Friday, April 03, 2009

Galileo and Medici exhibit at the Franklin Institute

This looks like a great exhibit at the Franklin Institute: Galileo, the Medici, and the age of Astronomy. I think its a smart move of presenting Galileo's work in the larger context of the Medici culture. I hope they have also dealt with some general misconceptions regarding the Galileo Affair. In any case, here is a review of the exhibit from NYT:

But by the time we reach that telescope and the imaginative gallery it introduces, we have seen things even more remarkable: ornately decorated quadrants of enameled brass, metal calipers, arcane charts, minutely inscribed maps, spheres within spheres like compass roses from other worlds, codexes and manuscripts, cylinders, dials, rings, rods and boxes.

Some of these are extraordinarily beautiful: finely wrought, elegantly constructed, sensuously formed. Like the telescope, some also have the aura of having once been handled for profound purposes: a set of brass compasses in a battered black case are said to have been used by Michelangelo.
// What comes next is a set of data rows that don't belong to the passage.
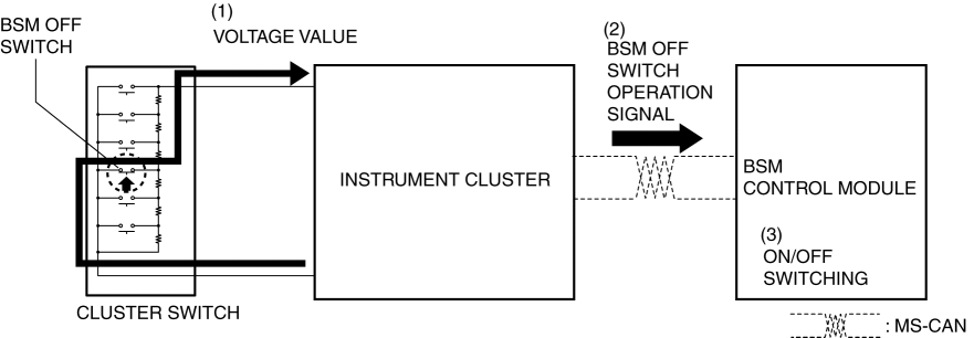 When the BSM OFF switch operates, the switch operation signal is sent to the instrument cluster.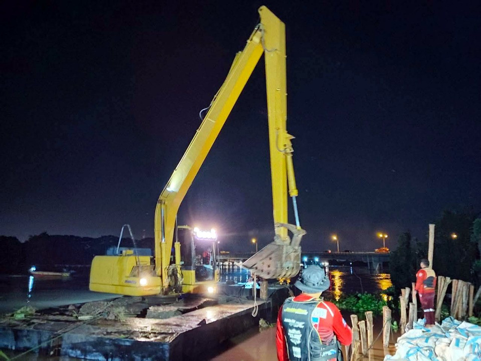เจ้าหน้าที่-ทหาร-กู้ภัย เร่งอุดรอยรั่วพนังเจ้าพระยาที่ป่าโมก อ่างทอง เสร็จจุดแรกสำเร็จ ขณะกรมชลฯ เตรียมเพิ่มระบายน้ำท้ายเขื่อนคืนนี้เป็น 2,750 ลบ.ม./วินาที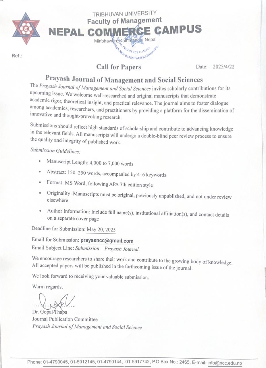 Call for Papers: Prayash Journal of Management and Social Sciences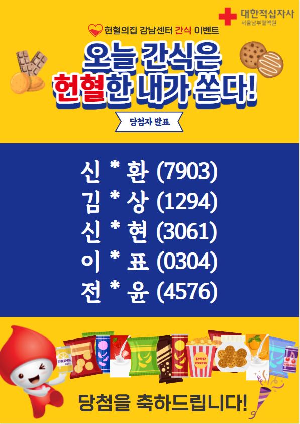 4월 강남센터에서 헌혈 후 응모해주신 분들 대상으로 진행된 "오늘 간식은 헌혈한 내가 쏜다!" 이벤트 당첨자를 다음과 같이 발표드립니다.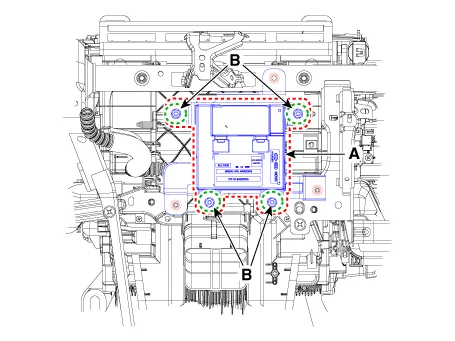Remove the E-call unit (A) after loosening the mounting nuts (B).
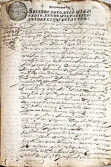 Sepan quantos esta carta vieren como yo, Diego Martín Pinzón Dávila, vezino de la villa de Moguer estante al presente en esta villa de Palos de la Frontera, digo: que por quanto el año de mill y seyscientos y veynte y seys y veynte y siete y veynte y ocho y veynte y nuebe estube en la villa de Madrid, Corte de su Magestad, pretendiendo una encomienda de yndios, la primera que ba Cassa y en el ynterinun ofisio de tesorero contador de Lima, Santa Fee de Buenos Ayres, del Cusco en el reyno del Pirú, como rebisnieto del Capitán Martin Alonso Pinzón, primero descubridor de las Yndias, que fue en compañía de Cristóbal Colón, y como susesor que soy por línia recta de varón del dicho Martín Alonso Pinzón e como susesor del solar y casa de los Pinzones y aviéndose visto los papeles e ynformasiones que sus Magestades los señores Reyes Católicos, Emperador Carlos quinto y Doña Juana, su madre, dieron al dicho mi agüelo y a Visente Yáñez Pinzón y a Francisco Pinzón, sus ermanos, salió auto en que yo mostrase sertificación de cómo no estavan premiados los dichos servicios, y aviéndose presentado se mandaron juntar con todos los autos que para consultar a su Magestad se me hisiesen en el dicho Consejo de Yndias, los quales dichos papeles, privilegios e ynformaciones e sertificasiones pararon en poder de Duarte Rdgz. de Lión, relator del dicho Consejo ...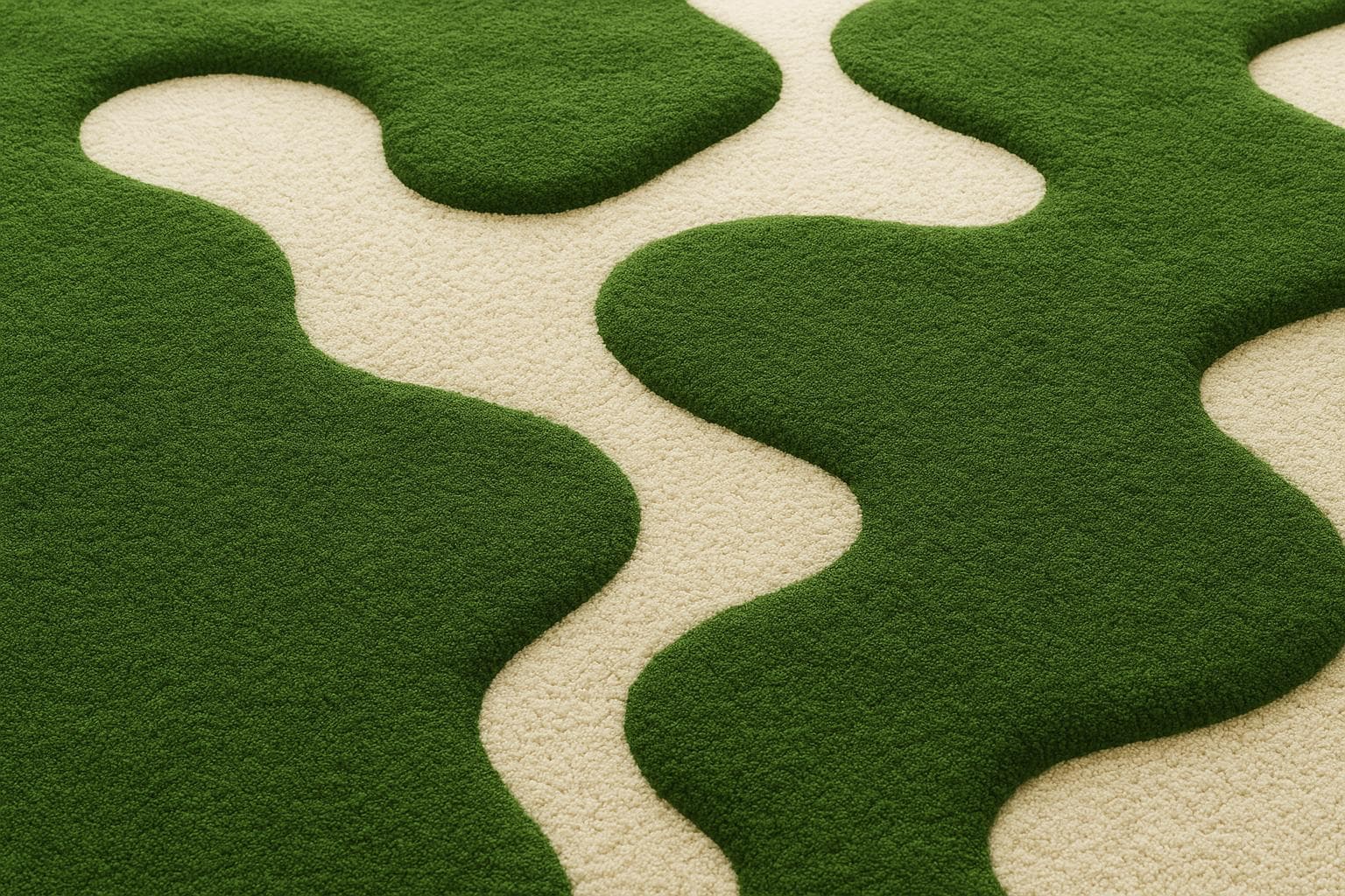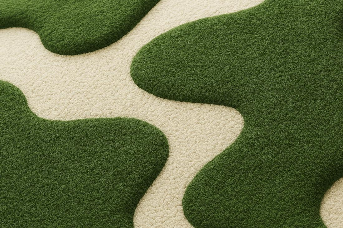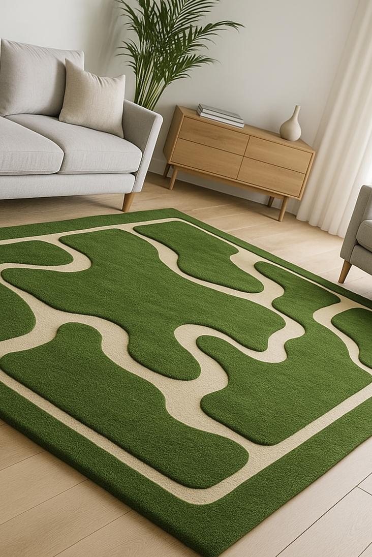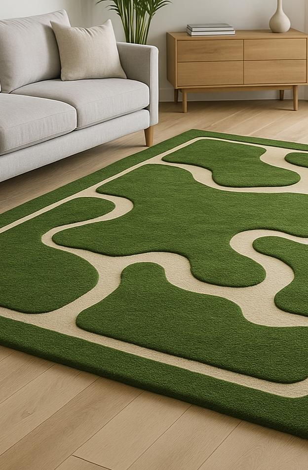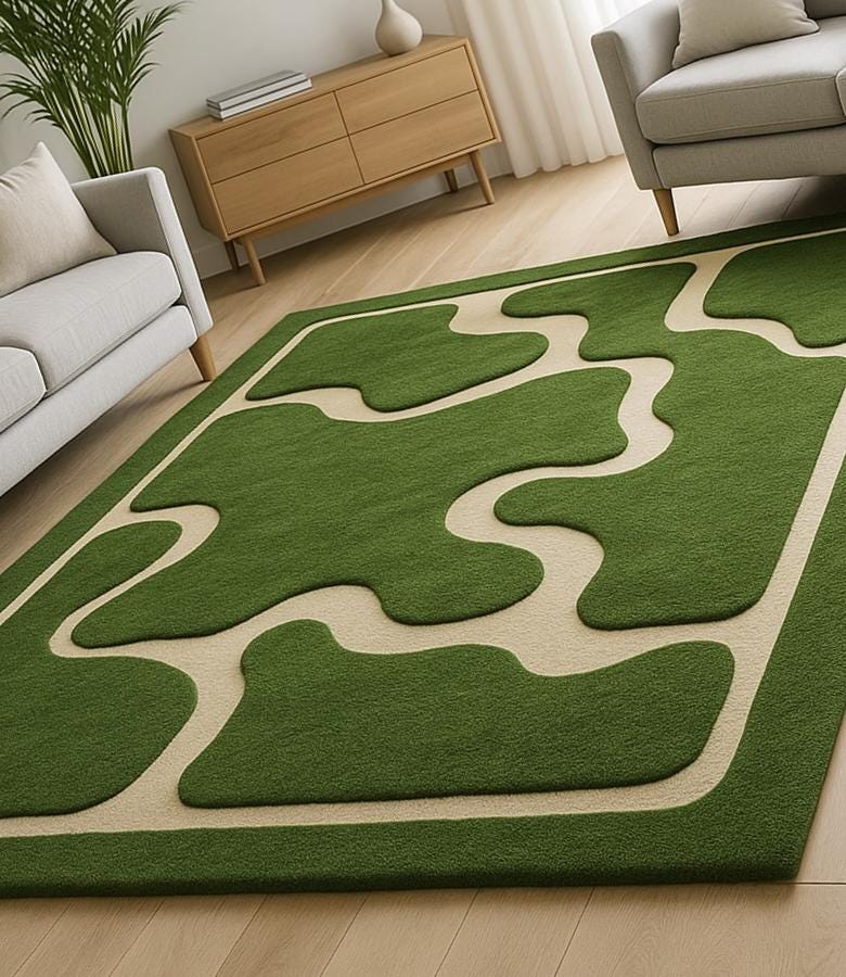 Green Abstract Wool Rug | Hand-Tufted Designer Carpet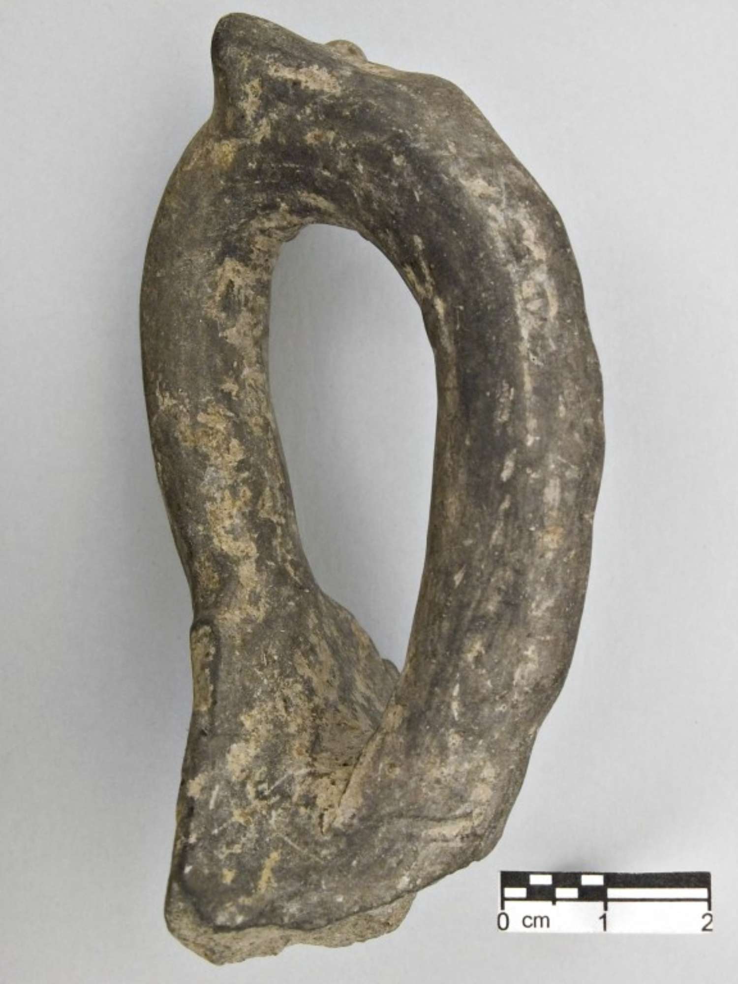 Ansa ad anello verticale sopraelevato con sezione a bastoncello, con coppia di cornetti conici disposti obliquamente sulla sommità; superfici grigio-nerastre, lisciate.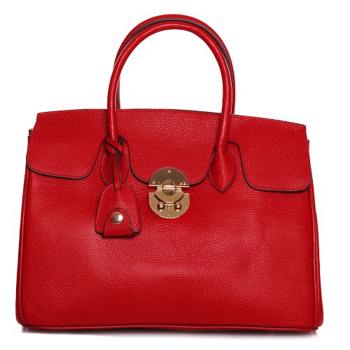 Lipstick red tote bag made ??of grained, high-quality calfskin,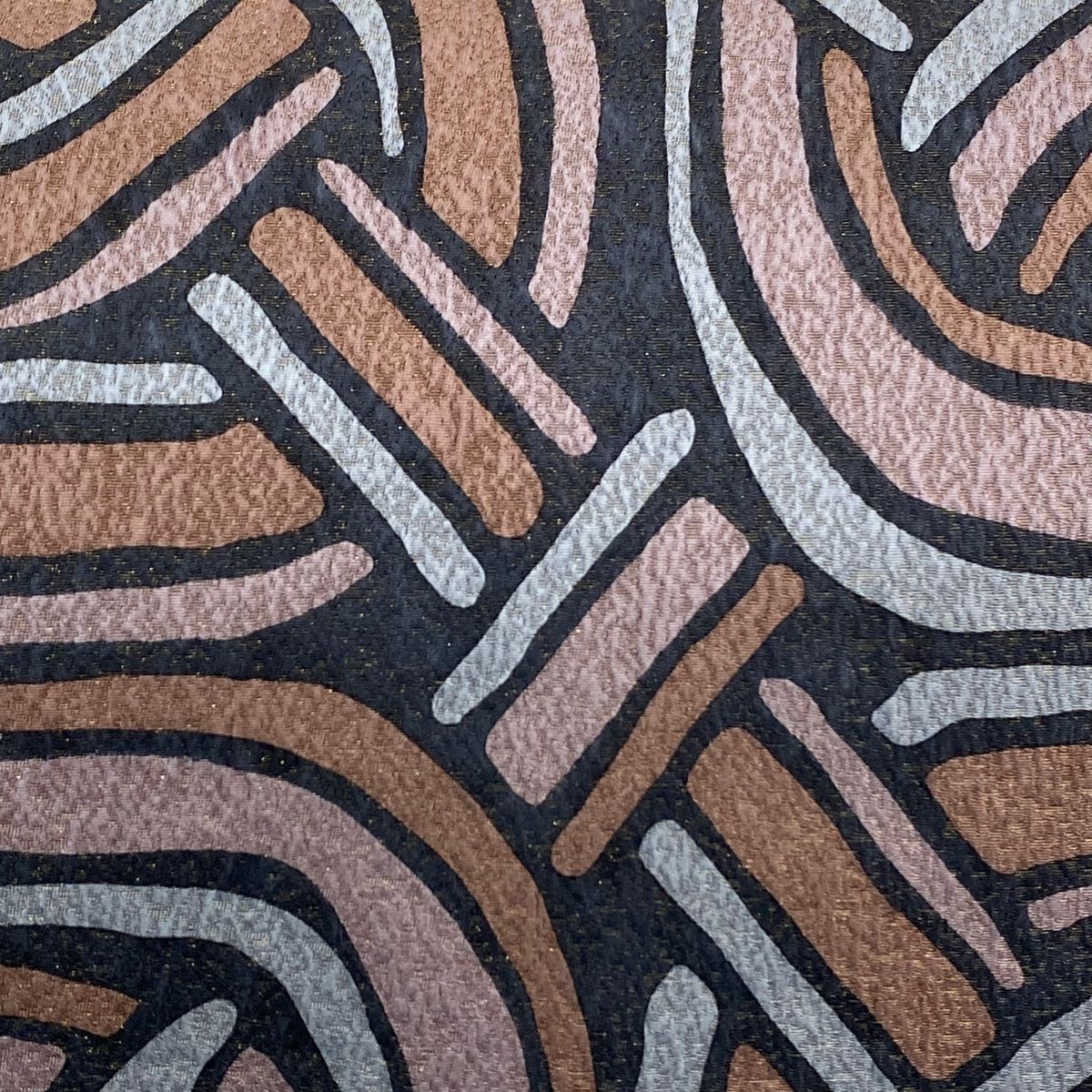 名古屋帯 秀品 幾何学模様 金糸 黒灰 正絹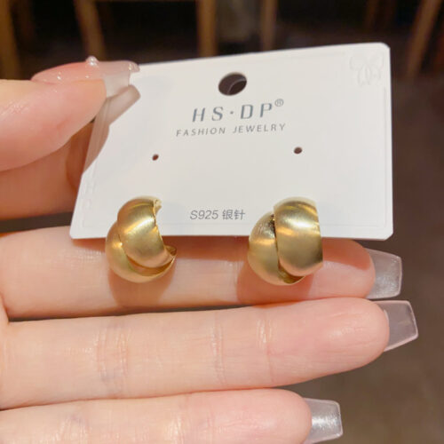 Bông tai chải kim loại xi vàng pha cao cấp, thiết kế sang trọng basic hợp xu hướng B3489

They are all instruments of exploration and investigation, models of planetary and stellar motion, surveying instruments and mapmaking equipment. Nearly all were made during two centuries of the Italian Renaissance. And as presented here they are the accomplishments of a culture created by the patronage of the Medici dynasty in Florence, rulers whose portraits are on display.
And here is where it really focuses on the Medici family:

The presiding genius is not Galileo but Cosimo I (1519-1574), the first to transform the commercial Medicis into rulers. It was Cosimo, we learn, who constructed the Medici cosmos, who took the themes of the Italian Renaissance and wove them together, supplementing the systems of the great ancients — Euclid, Archimedes and Ptolemy — with other ideas: that knowledge was an aspect of power, that power was required for proper order and that social order itself can lead to an increase in knowledge. Social order, in fact, was seen as a reflection of geometric order. Geometry and surveying were necessary to master the physical world; knowledge of mechanics was necessary to create military fortifications and weaponry. There are gun sights here that look like surveying instruments, and surveying instruments that were worn like swords.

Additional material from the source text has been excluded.